Sono oltre 160 i Carrefour market in Italia che ospiteranno l’edizione 2017 della Festa della Musica. Per l’occasione, Carrefour ha voluto coinvolgere i propri collaboratori con la passione per la musica, dando loro la possibilità di esibirsi e suonare, da soli o con la propria band, presso alcuni supermercati coinvolti. Altri di loro, hanno voluto contribuire realizzando un cd musicale, il cui ricavato sarà devoluto alla Fondazione Francesca Rava a sostegno di progetti dedicati alle case famiglia e ai minori in difficoltà.

Lo spirito della Festa

Il 21 giugno del 1982, con l’iniziativa ideata dal Ministero della Cultura francese, in tutta la Francia, musicisti dilettanti e professionisti invadono strade, cortili, piazze, giardini, stazioni, musei. Non contenta solamente di rendere la pratica musicale visibile, la Festa della Musica è diventata un autentico fenomeno sociale.

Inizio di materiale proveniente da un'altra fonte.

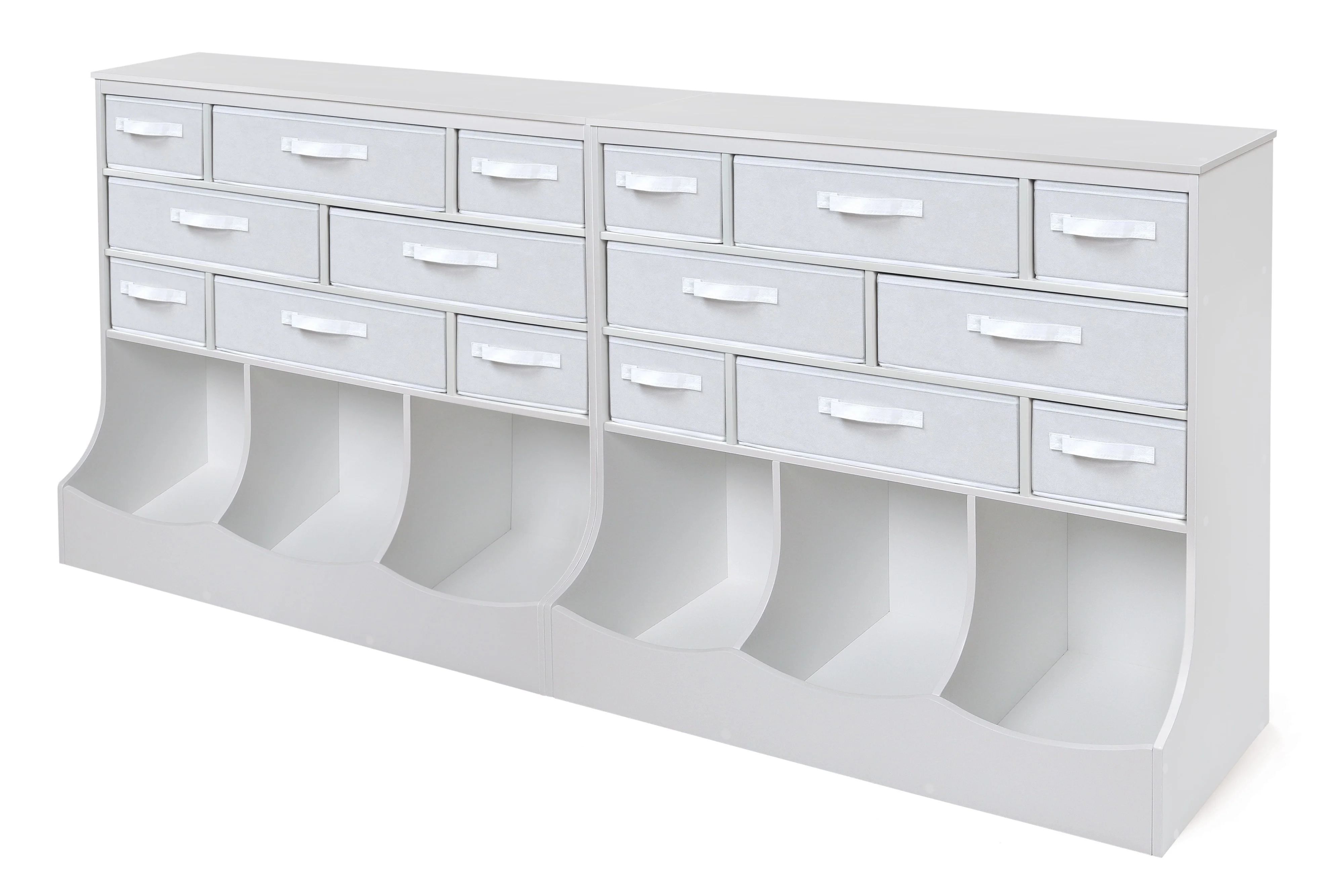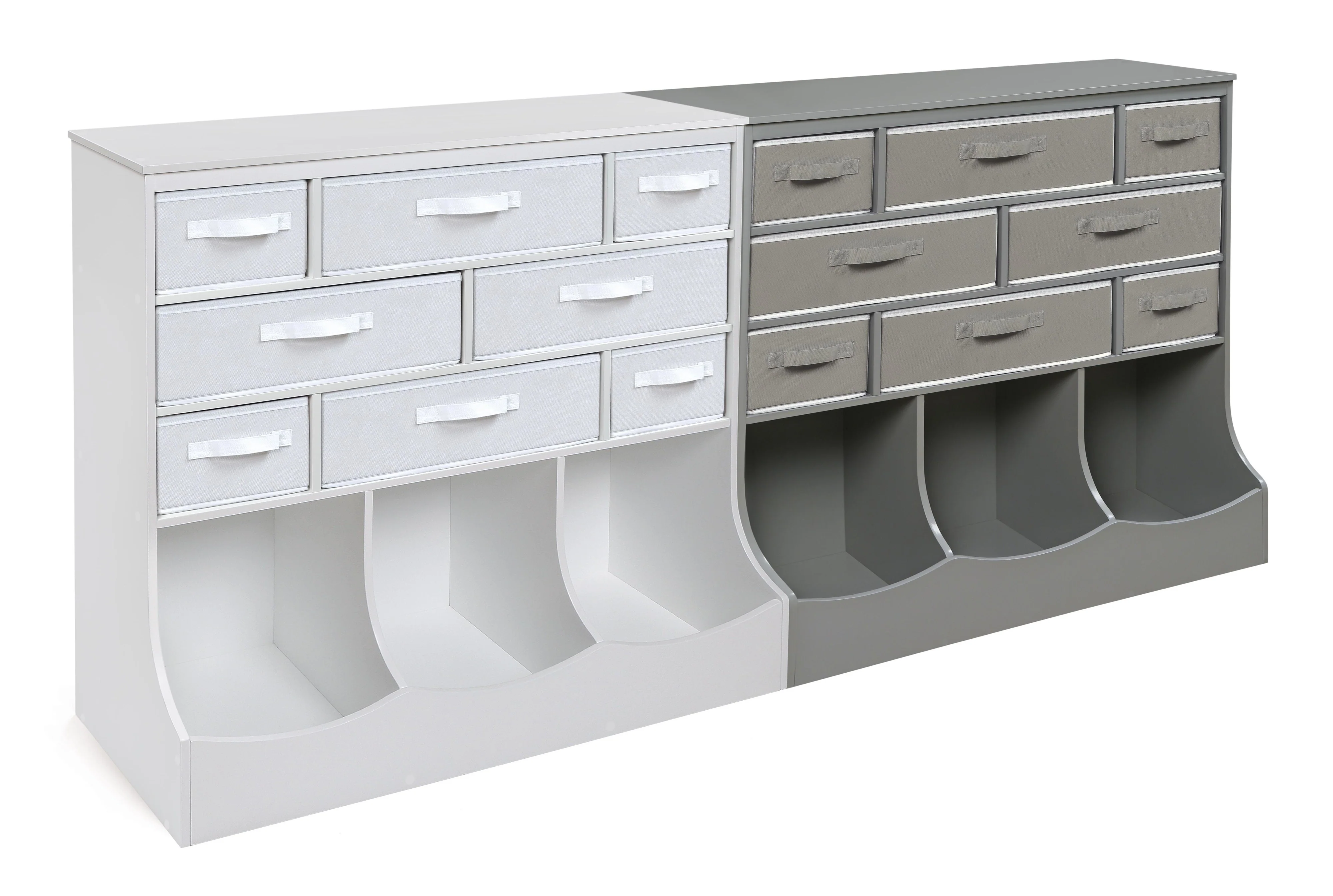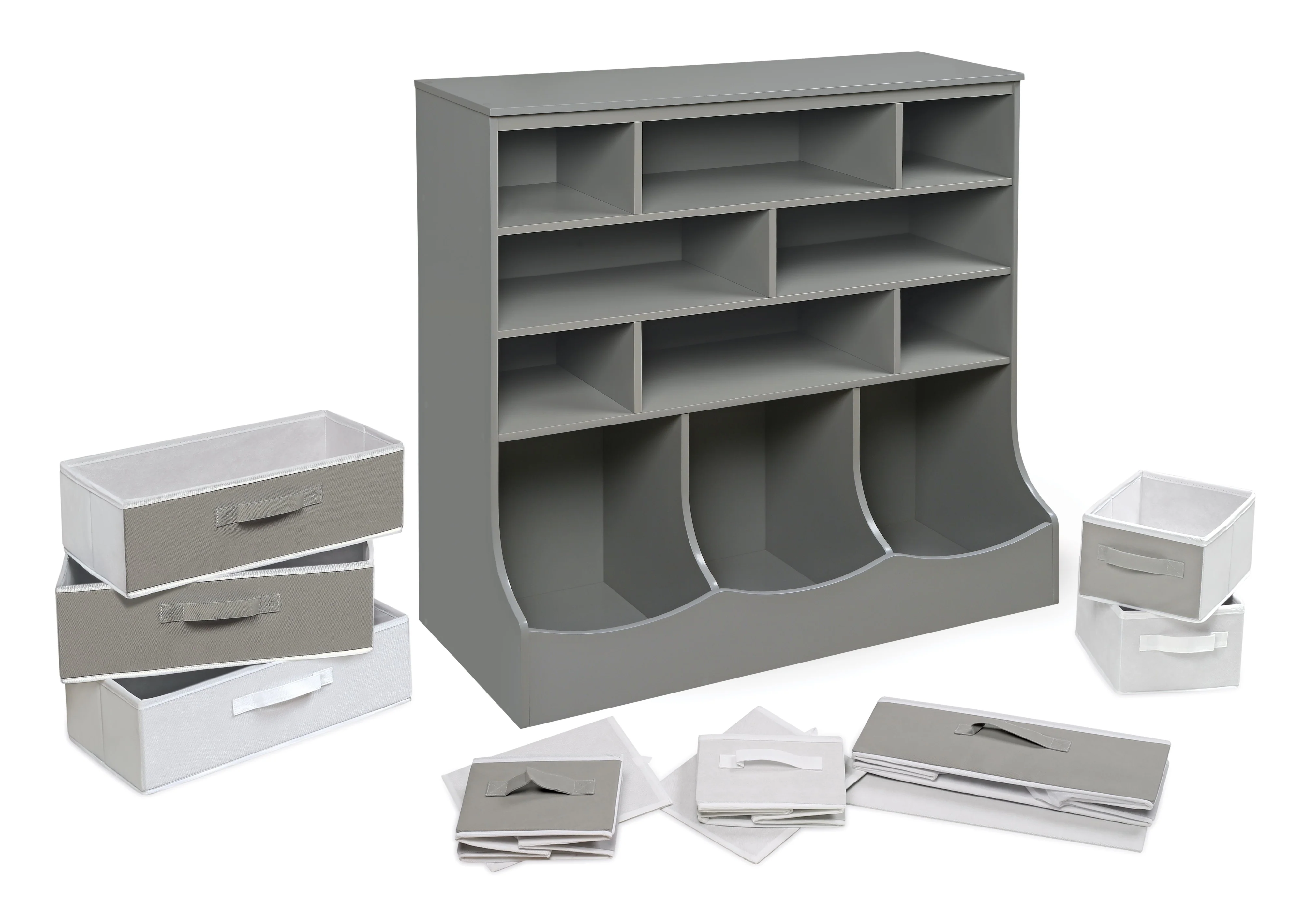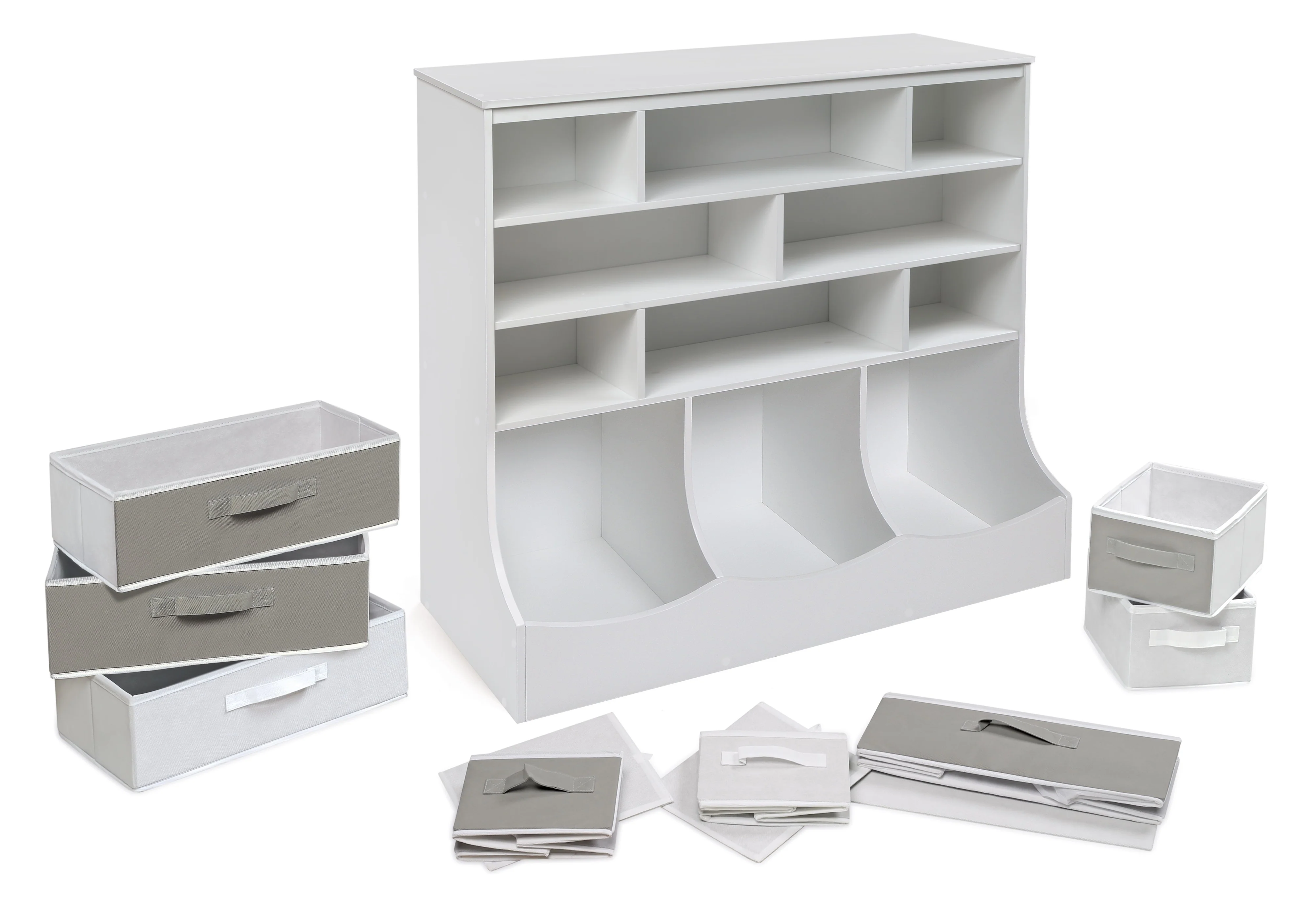 - Two-color baskets can be reversed to customize the look! You may choose not to use the baskets and instead have open cubbies. Or, remove the large baskets, and fit two of the smaller baskets in the large cubbies! There are endless combinations to suit your storage needs.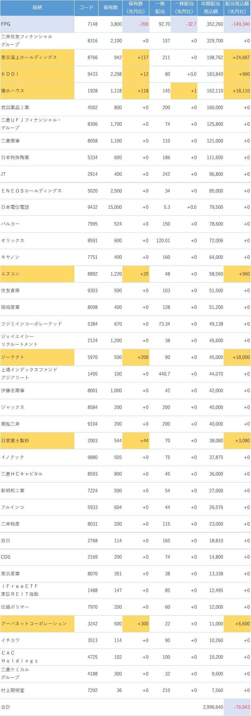 3月は積水ハウスが増配を発表してくれましたが、残念ながらFPGが大幅減配を発表した結果、年間配当見込額が大きく減少しました。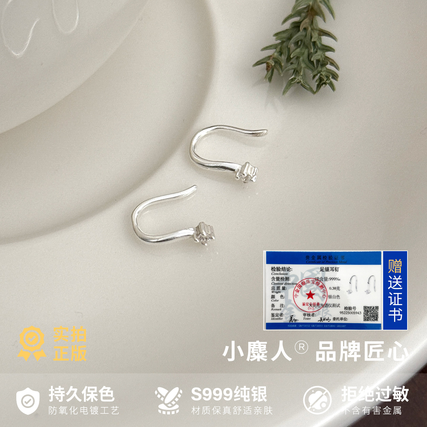小麋人「」耳钉纯银999水滴女耳环耳饰气质高级感2025爆款夏足银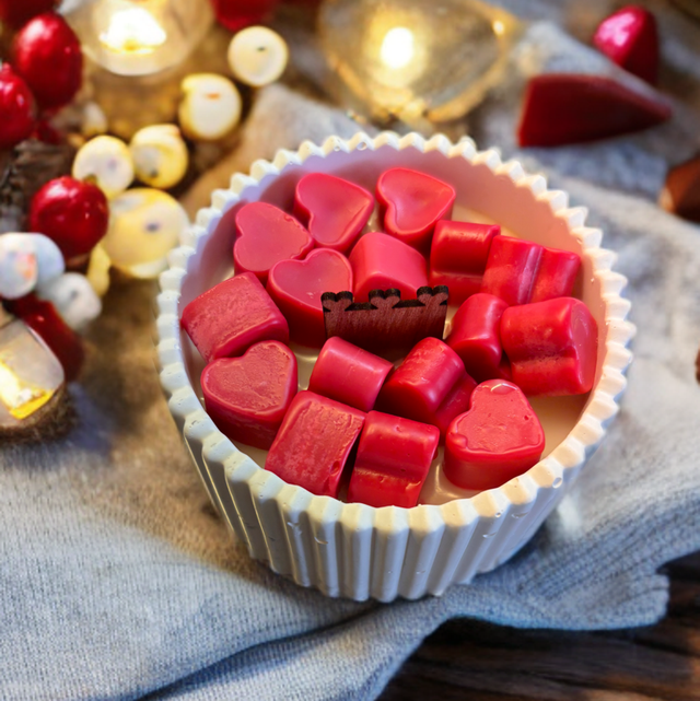 Des petits cœurs gourmands, une teinte rouge passion et une ambiance douce à la lueur des bougies… Cette création est une véritable déclaration d’amour ✨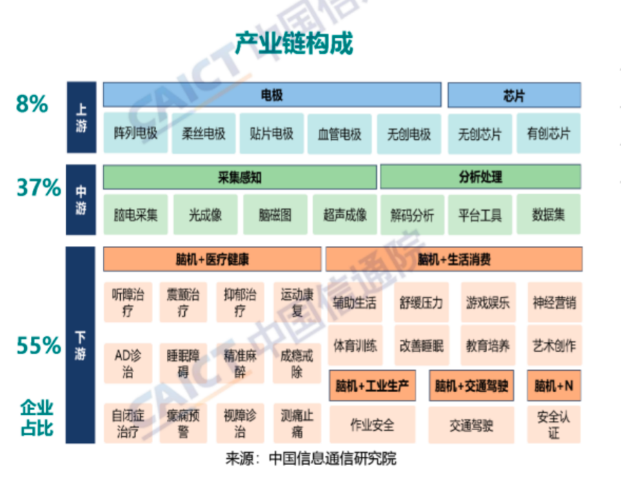 当前,脑机接口行业已经形成了完整的产业链,涵盖上游(材料、芯片、电极等)、中游(信号采集感知处理等)、下游(医疗健康、生活消费、工业生产等)等多个环节。

Dal 1985, Anno Europeo della Musica, la Festa della Musica si svolge in Europa e nel mondo. Dal 1995, Barcellona, Berlino, Bruxelles, Budapest, Napoli, Parigi, Praga, Roma, Senigallia sono le città fondatrici dell’Associazione Europea Festa della musica. Dal 2002, grazie al lavoro fatto dalla AIPFM (Associazione Italiana per la Promozione della Festa della Musica), in Italia hanno aderito più di 280 città, dando vita a una rete distribuita su tutto il territorio nazionale. Tantissimi concerti di musica dal vivo si svolgono ogni anno, il 21 giugno, in tutte le città, principalmente all’aria aperta, con la partecipazione di musicisti di ogni livello e di ogni genere.

Concerti gratuiti, valore del gesto musicale, spontaneità, disponibilità, curiosità, tutte le musiche appartengono alla Festa. Dilettante o professionista, ognuno si può esprimere liberamente, la Festa della Musica appartiene, prima di tutto, a coloro che la fanno.